Arztzeit bleibt knappe Ressource

Berlin – Die Zahl der an der vertragsärztlichen Versorgung teilnehmenden Ärztinnen und Ärzte hat sich 2023 im Vergleich zum Vorjahr um 1.029 erhöht (plus 0,7 Prozent). Dies geht aus aktuellen Zahlen des Bundesarztregisters hervor. Bei den Psychologischen Psychotherapeuten gab es ein Plus von 3,4 Prozent (1.114).
Andreas Gassen, Vorstandsvorsitzender der Kassenärztlichen Bundesvereinigung (KBV), warnte in diesem Zusammenhang vor einem durch die Gesundheitspolitik verursachten Niedergang der ambulanten Versorgung.
Immer mehr vertragsärztlich Tätige arbeiteten in der Anstellung, da die schlechten Rahmenbedingungen von einer selbstständigen Tätigkeit in eigener Praxis abschrecken würden. Daher bleibe die Ressource Arztzeit knapp.
Den aktuellen Daten zufolge stieg der Anzahl der in Praxen oder MVZ angestellten Ärztinnen und Ärzte von 2022 zu 2023 um 3.162: Die Zahl der Praxisinhaber sank hingegen um 1.987. Nach wie vor ist zwar die überwiegende Mehrheit der niedergelassenen Ärzte und Psychotherapeuten in der eigenen Praxis tätig (124.653).
Allerdings wählen sie zunehmend flexiblere Arbeitsformen: Im Jahr 2023 entschieden sich erstmals mehr als 50.000 für eine Anstellung und erstmals mehr als 60.000 für eine Teilzeitbeschäftigung. Seit 2013 verzeichnet die Teilzeittätigkeit ein Plus von 235 Prozent. Die Anzahl der Anstellungen hat sich in diesem Zeitraum verdoppelt.
Die KBV hatte bereits mehrfach darauf hingewiesen, dass all diese Faktoren zusammengenommen dazu führen, dass hinzukommende Ärzte nur einen Teil der bisher tätigen Ärzteschaft ersetzen und das Versorgungsangebot insgesamt abnimmt.
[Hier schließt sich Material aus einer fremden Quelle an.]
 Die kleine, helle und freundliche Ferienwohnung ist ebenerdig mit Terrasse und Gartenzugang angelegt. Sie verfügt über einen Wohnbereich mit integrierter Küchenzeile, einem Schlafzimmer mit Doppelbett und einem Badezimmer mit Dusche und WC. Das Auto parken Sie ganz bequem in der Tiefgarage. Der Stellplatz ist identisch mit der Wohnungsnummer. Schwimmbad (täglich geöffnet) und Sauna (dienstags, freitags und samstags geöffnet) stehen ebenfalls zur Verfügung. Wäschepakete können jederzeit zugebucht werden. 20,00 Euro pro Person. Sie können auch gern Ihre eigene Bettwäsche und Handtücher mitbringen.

„Das Gesundheitswesen ist einer der wenigen Leuchttürme in unserem Land, noch funktioniert es sehr gut“, betonte Gassen. Wenn Bundesgesundheitsminister Karl Lauterbach richtigerweise davon spreche, die ambulante Versorgung stärken zu wollen, dann müsse es darum gehen, die Rahmenbedingungen für die Praxen zu verbessern. „Wir brauchen keine Versorgung-light in sogenannten Gesundheitskiosken, sondern angemessene Strukturen für die Haus- und Facharztpraxen“, sagte Gassen.
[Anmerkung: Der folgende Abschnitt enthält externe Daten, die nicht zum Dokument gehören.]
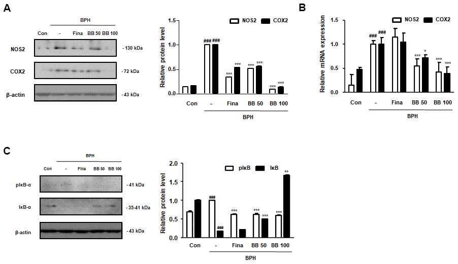 Prostatic inflammation is considered a principal factor in the development and progression of BPH [6]. As shown in Figure 3A, 3B, in the BPH group, the level of the principal inflammation factors, iNOS and COX-2 elevated compared to in the Con group. However, BB 50 and BB 100 exerted a dose-dependent inhibitory effect compared to the BPH group. Next, we investigated the repressive effect of BB on the NF-κB-mediated signaling. As demonstrated in Figure 3C, the induction of BPH led to the phosphorylation and degradation of free IκB proteins. As compared to BPH group, the activation of NF-κB signaling was suppressed following the oral administration of BB.

Der stellvertretende KBV-Vorstandsvorsitzende Stephan Hofmeister konstatierte, unter den derzeitigen schlechten Rahmenbedingungen – er verwies unter anderem auf überbordende Bürokratie und dysfunktionale Digitalisierung –, dürfte es schwierig sein, „selbst mit den kreativsten Förderprogrammen junge Kolleginnen und Kollegen für die Niederlassung zu begeistern“. Die Gefahr eines Ausblutens der ambulanten Versorgung sei längst nicht gebannt.
KBV-Vorstandsmitglied Sibylle Steiner forderte „Verlässlichkeit und gegenseitiges Vertrauen statt vager Versprechungen und mangelnder Wertschätzung“ in der Gesundheitspolitik. So, wie es jetzt laufe, sei auf Dauer keine ambulante Versorgung in den Praxen mehr möglich.
„Ohne politische Verlässlichkeit lässt sich deren Betrieb nur noch unter höchsten persönlichen Anstrengungen aufrechterhalten. Ganz zu schweigen davon, dass – ohne jenes Maß an Verlässlichkeit – kaum noch jemand dazu zu bewegen sein wird, eine ärztliche oder psychotherapeutische Praxis zu übernehmen oder zu gründen“, so die KBV-Vorständin.